═══ Data supplied

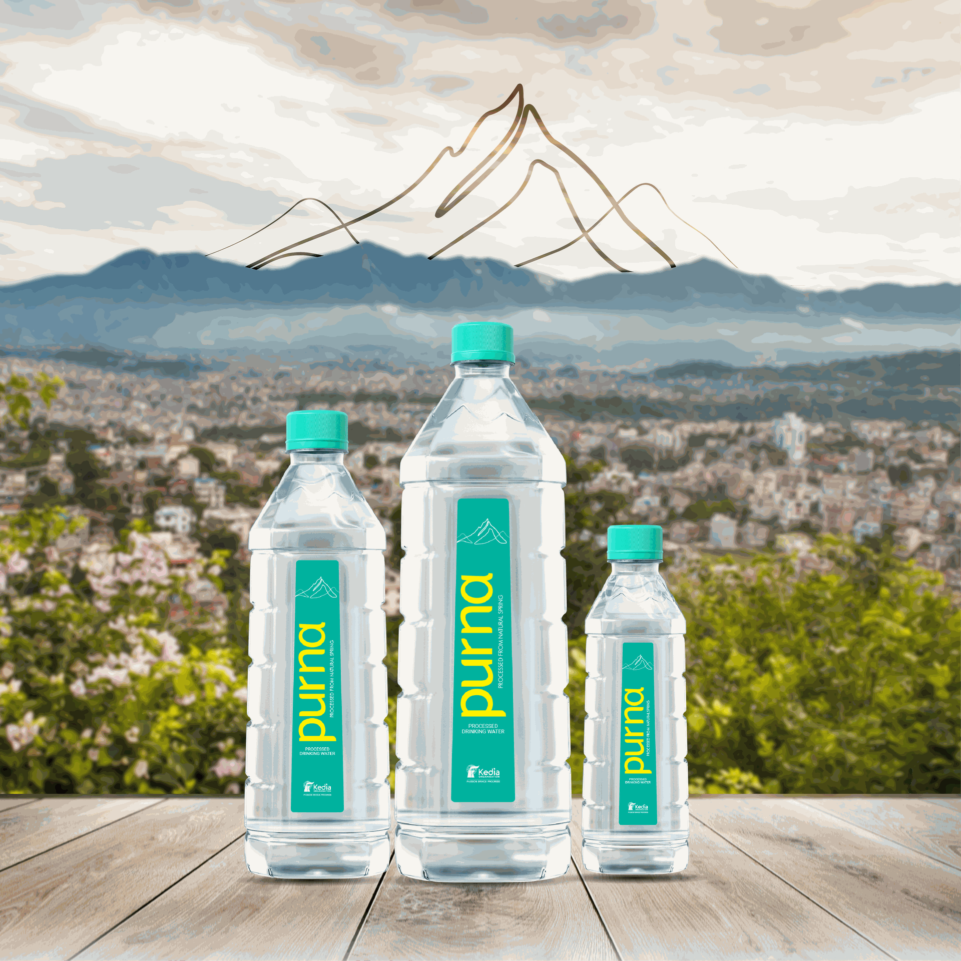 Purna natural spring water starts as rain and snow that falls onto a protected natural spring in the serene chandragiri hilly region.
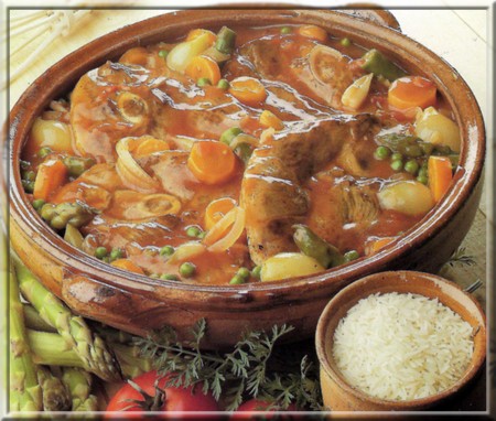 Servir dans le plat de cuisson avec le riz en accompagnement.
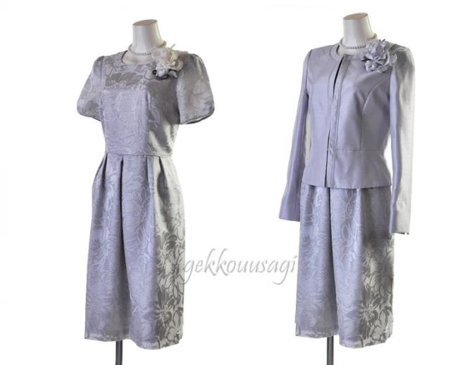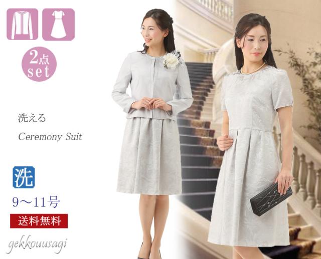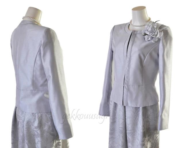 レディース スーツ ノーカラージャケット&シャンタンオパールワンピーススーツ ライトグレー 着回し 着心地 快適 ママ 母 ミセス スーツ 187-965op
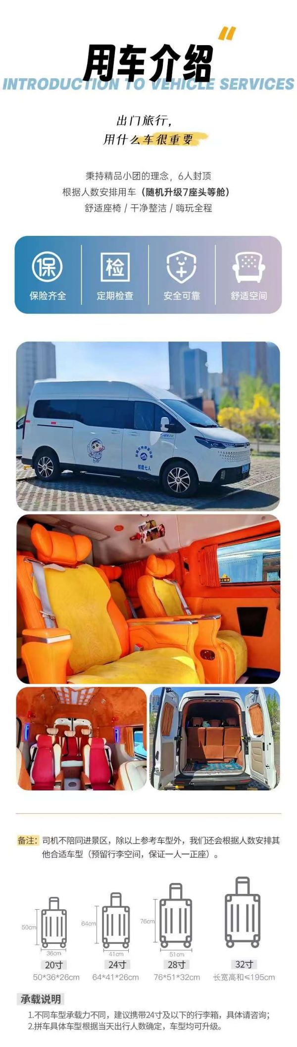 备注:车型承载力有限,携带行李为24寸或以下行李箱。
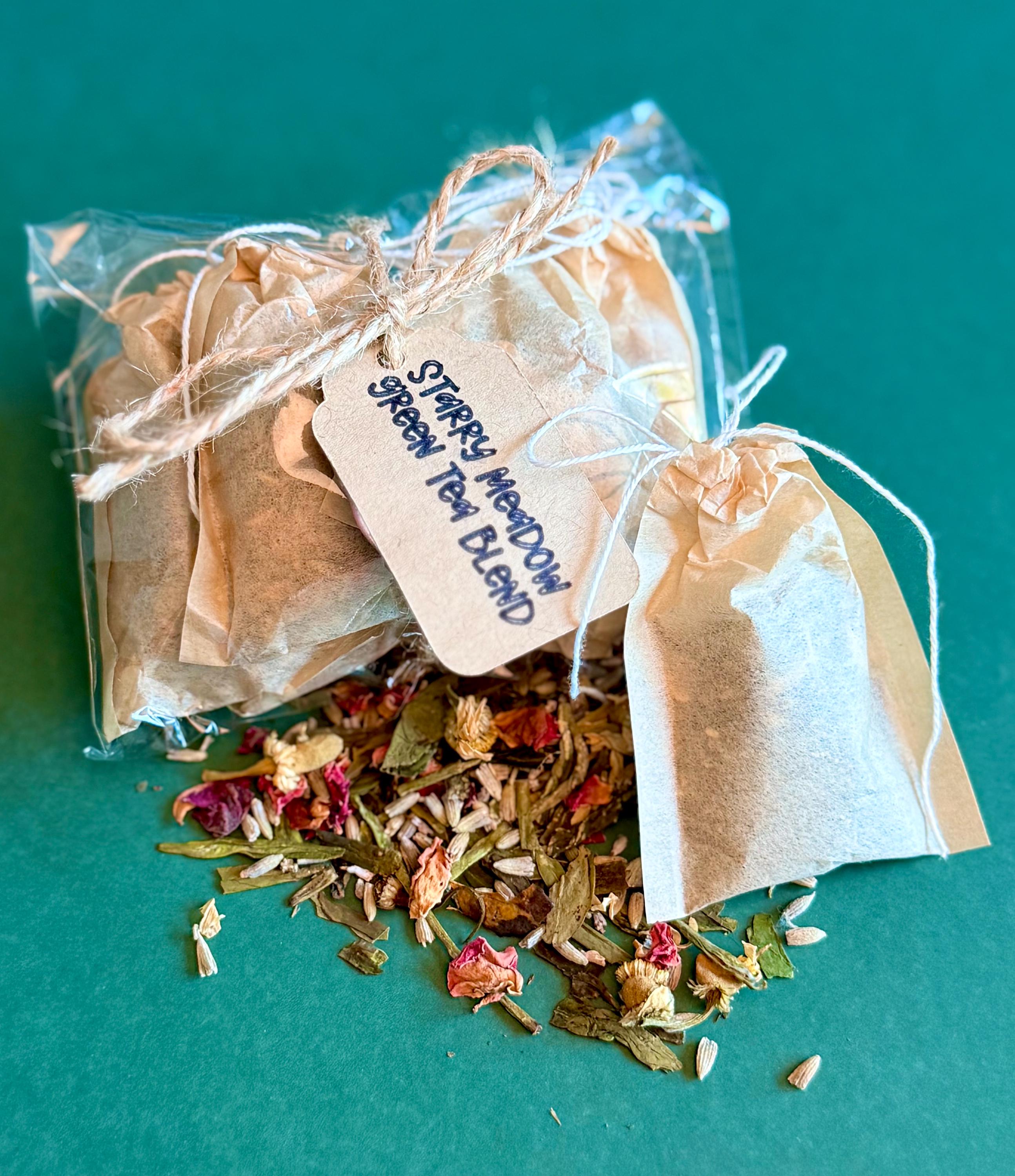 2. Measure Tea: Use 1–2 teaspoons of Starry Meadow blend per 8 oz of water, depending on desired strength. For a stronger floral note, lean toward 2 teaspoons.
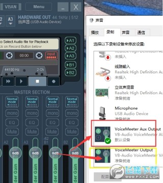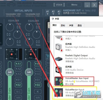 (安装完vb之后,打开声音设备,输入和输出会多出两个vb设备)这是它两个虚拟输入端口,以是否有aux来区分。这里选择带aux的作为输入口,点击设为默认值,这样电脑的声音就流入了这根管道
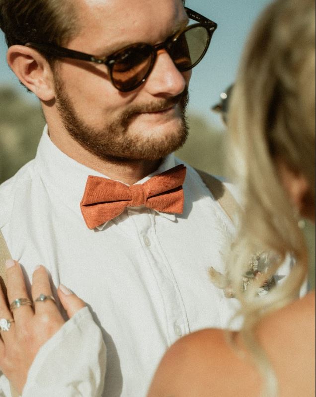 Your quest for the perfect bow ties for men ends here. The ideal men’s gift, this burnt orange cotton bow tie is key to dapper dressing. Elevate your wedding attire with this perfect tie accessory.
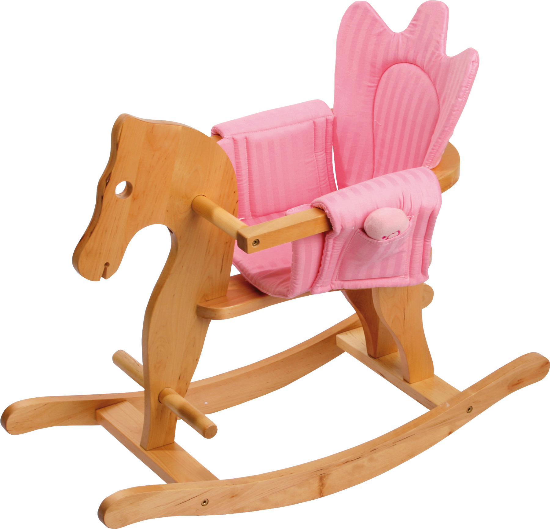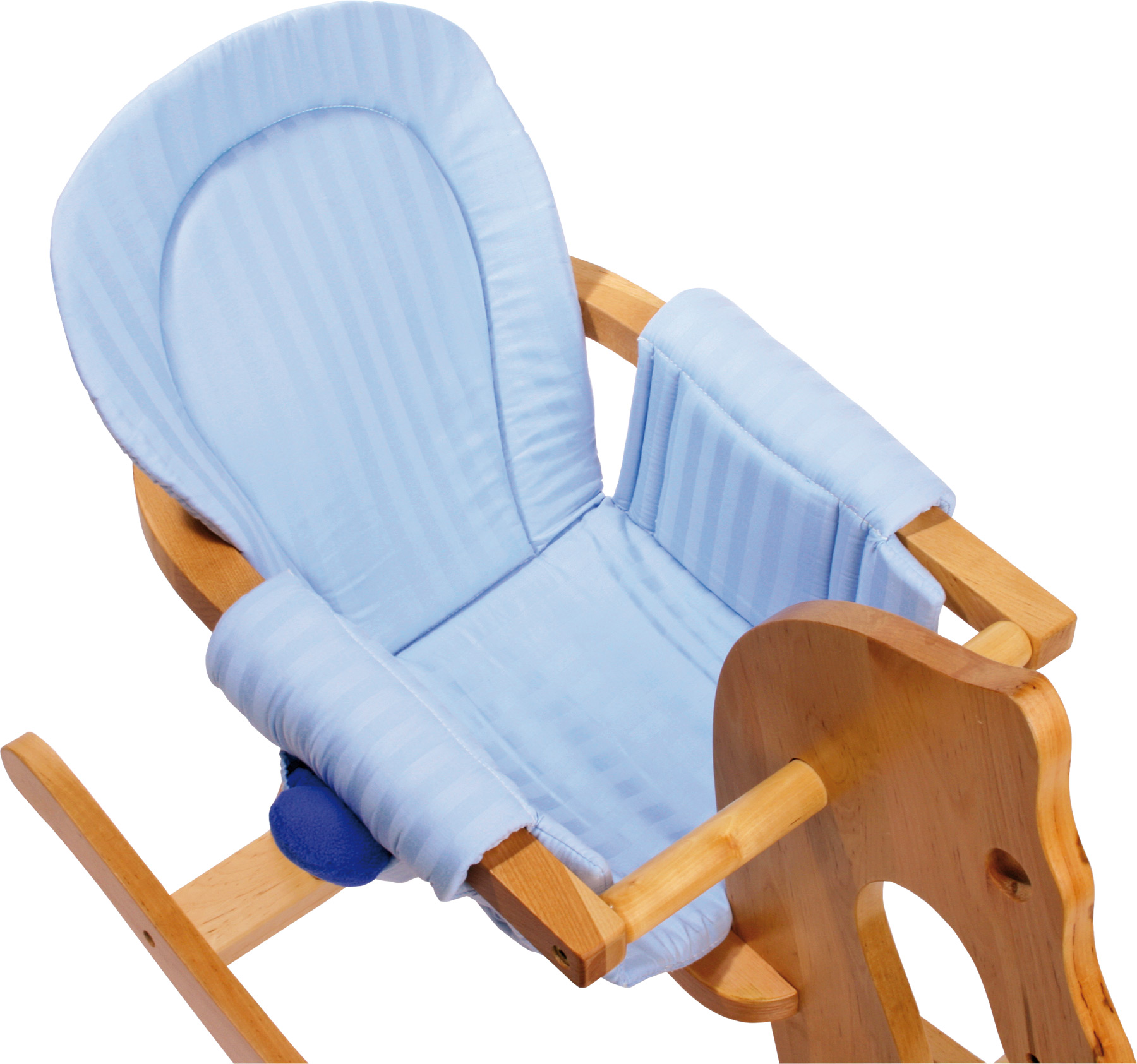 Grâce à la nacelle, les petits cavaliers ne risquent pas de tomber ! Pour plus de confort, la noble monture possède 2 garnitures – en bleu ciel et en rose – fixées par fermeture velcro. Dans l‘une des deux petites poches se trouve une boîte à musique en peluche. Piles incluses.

══════

(Aim of the exercise):
Reproduce all the data as it stands. The pictures are not part of the copy.

(Task response):
 Purna natural spring water starts as rain and snow that falls onto a protected natural spring in the serene chandragiri hilly region.
 Servir dans le plat de cuisson avec le riz en accompagnement.
 レディース スーツ ノーカラージャケット&シャンタンオパールワンピーススーツ ライトグレー 着回し 着心地 快適 ママ 母 ミセス スーツ 187-965op
 备注:车型承载力有限,携带行李为24寸或以下行李箱。
 2. Measure Tea: Use 1–2 teaspoons of Starry Meadow blend per 8 oz of water, depending on desired strength. For a stronger floral note, lean toward 2 teaspoons.
 (安装完vb之后,打开声音设备,输入和输出会多出两个vb设备)这是它两个虚拟输入端口,以是否有aux来区分。这里选择带aux的作为输入口,点击设为默认值,这样电脑的声音就流入了这根管道
 Your quest for the perfect bow ties for men ends here. The ideal men’s gift, this burnt orange cotton bow tie is key to dapper dressing. Elevate your wedding attire with this perfect tie accessory.
 Grâce à la nacelle, les petits cavaliers ne risquent pas de tomber ! Pour plus de confort, la noble monture possède 2 garnitures – en bleu ciel et en rose – fixées par fermeture velcro. Dans l‘une des deux petites poches se trouve une boîte à musique en peluche. Piles incluses.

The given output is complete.